- Goal of the exercise -
Copy each line, word for word, from the one with "Knitted to fit" through the final line of the listing, but skip the pictures.
═════ Supplied data
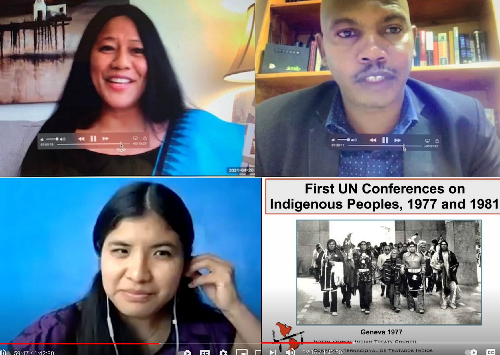 On April 20, 2021, a side event for the 20th Session of the UNPFII was organized by Columbia University’s Institute for the Study of Human Rights. It was held virtually via Zoom, and was moderated by the instructor of the MOOC, Professor Elsa Stamatopoulou of Columbia University, and included presentations by: Andrea Carmen of the International Indian Treaty Council; Stephanie Grepo of Columbia University; Sheryl Lightfoot of the University of British Columbia; Aehshatu Manu, Secretary General of the African Indigenous Women Organization Central African Network; Maurice Matiz of Columbia University; Cecilia Ramirez of the International Indigenous Women’s Forum; Elifuraha Laltaika of Tumaini University Makumira Arusha; and Binalakshmi Nepram of the Manipur Women Gun Survivors Network & Global Alliance of Indigenous Peoples, Gender Justice and Peace.
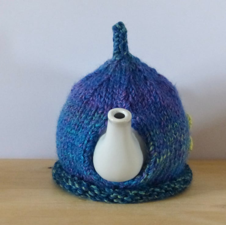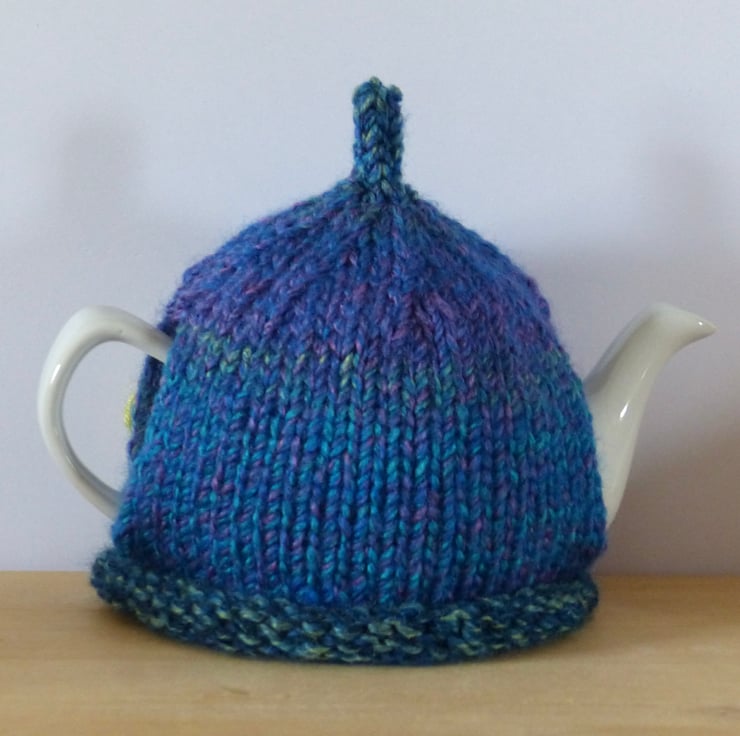 Knitted to fit a standard Two Cup teapot this cosy has a roll rim and plenty of stretch so should fit a variety of small pots.
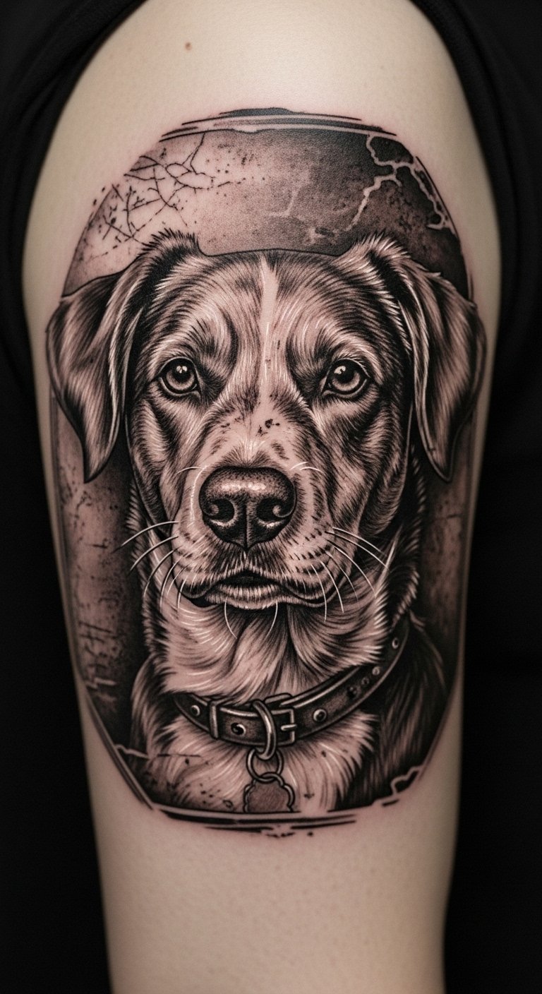A retro vintage dog portrait tattoo nods to the past. Sketch old photos. Use sepia shades. Get free filters. Try with tea stains. Place on leg. Home tip: age paper. Keep it nostalgic.
══════════
- Reply -
 Knitted to fit a standard Two Cup teapot this cosy has a roll rim and plenty of stretch so should fit a variety of small pots.
A retro vintage dog portrait tattoo nods to the past. Sketch old photos. Use sepia shades. Get free filters. Try with tea stains. Place on leg. Home tip: age paper. Keep it nostalgic.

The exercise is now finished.